A review by walinchus
The Prodigal Tongue: The Love-Hate Relationship Between American and British English by Lynne Murphy

5.0

A great read! Top things I learned from The Prodigal Tongue & things the author (or someone) should address for a next book:
- Who knew this was such a big issue. The British complaining about imperialism? Wow the English do love irony.
-Yes! The monarchy is entertaining precisely because it's silly. Why could I never articulate that?!
- You know I had heard that Americans have an older accent but I had never actually put the image together in my mind: that every single Shakespeare movie has the wrong pronunciation.
-I was very surprised to learn that there are words that Americans pronounce "IZE" though they also don't write them that way. Americans, you may have to re-read that last sentence.
-Wait an estate is the projects?!
-Most courts that interpret dictionaries say something like: The contract uses this word.

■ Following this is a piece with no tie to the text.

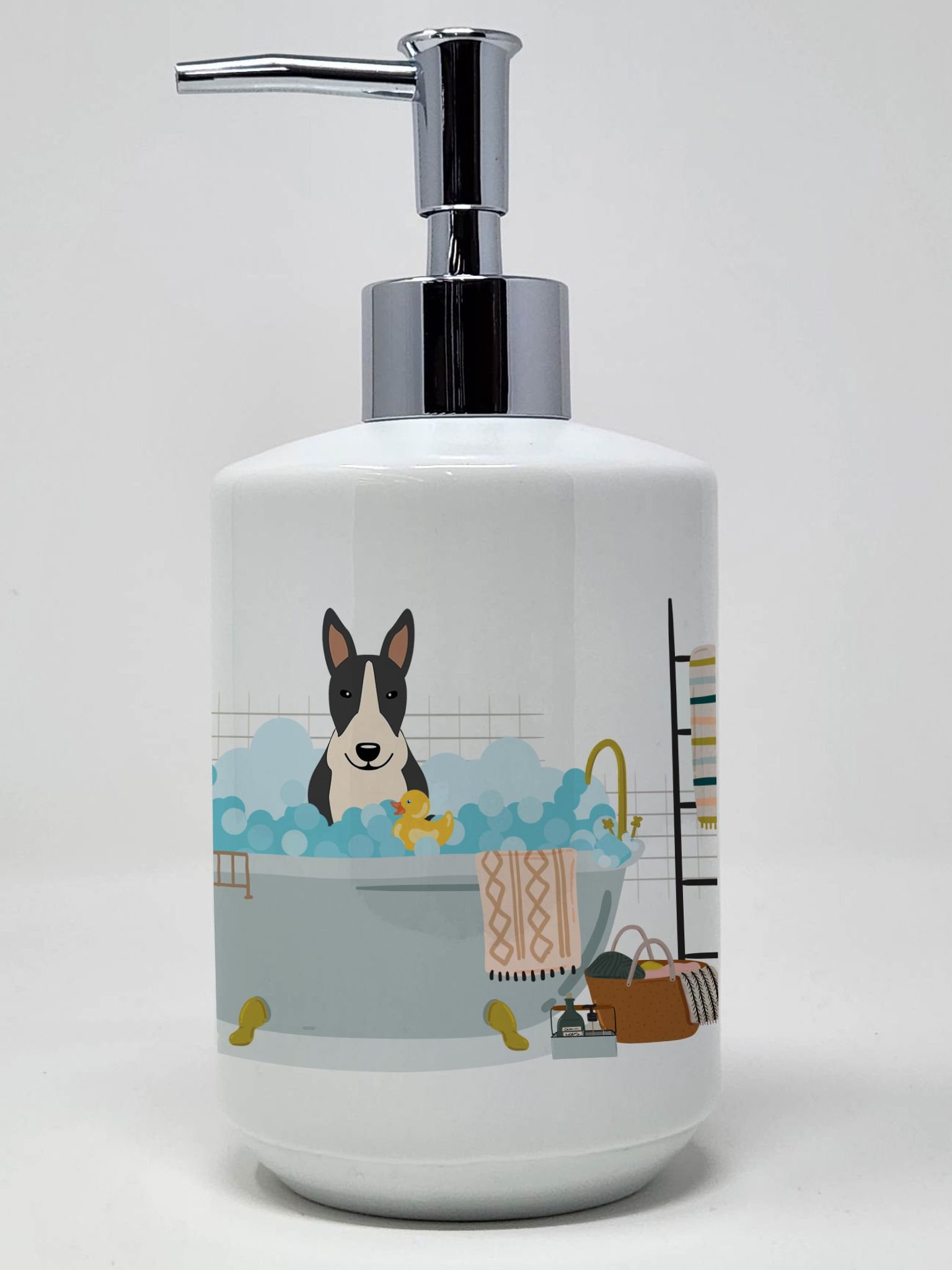 Ceramic Soap Dispenser featuring breed specific Bull Terrier artwork. This Ceramic Soap Dispenser is from Caroline's Treasures collection Rubadubdub Dogs in a Tub. Revitalize your kitchen or bathroom decor with the Decorative Ceramic Soap Dispenser from Caroline's Treasures. This refillable dispenser marries practicality and style, serving as a vibrant art piece in addition to its primary function. The dispenser's exterior boasts colorful artwork from one of Caroline's Treasures' artists, wrapping around the dispenser to add a touch of personality and color to your space. Measuring approximately 7 1/4 inches high and about 3 1/2 inches in diameter, it is the perfect size for any countertop. The dispenser features a sturdy pump nozzle, which screws easily into the top of the ceramic dispenser. With a simple press, you can conveniently dispense your preferred liquid soap, lotion, aromatherapy essential oil blend, shampoo, body wash, or even massage oils. The Decorative Ceramic Soap Dispenser is more than a functional item - it's a statement piece that adds a unique touch to your bathroom or kitchen decor, transforming everyday rituals into an artful experience. This Ceramic Soap Dispenser is from Caroline's Treasures Dogs category of products.

Every moron understands this word, it's the dictionary definition. Therefore this is the context of the Contract. But if English courts address the "context only" how does that work?
- Wait the English didn't invent diagramming sentences? But putting things in their proper place seems so... British. @lynneguist has busted another bias it seems.
‏-I can't even spell the American version of anesthetic. That word needs no superfluous vowels. Though superfluous does I suppose.
-Overall, probably does a better job assuaging American-Brit relations better than any politician ever could!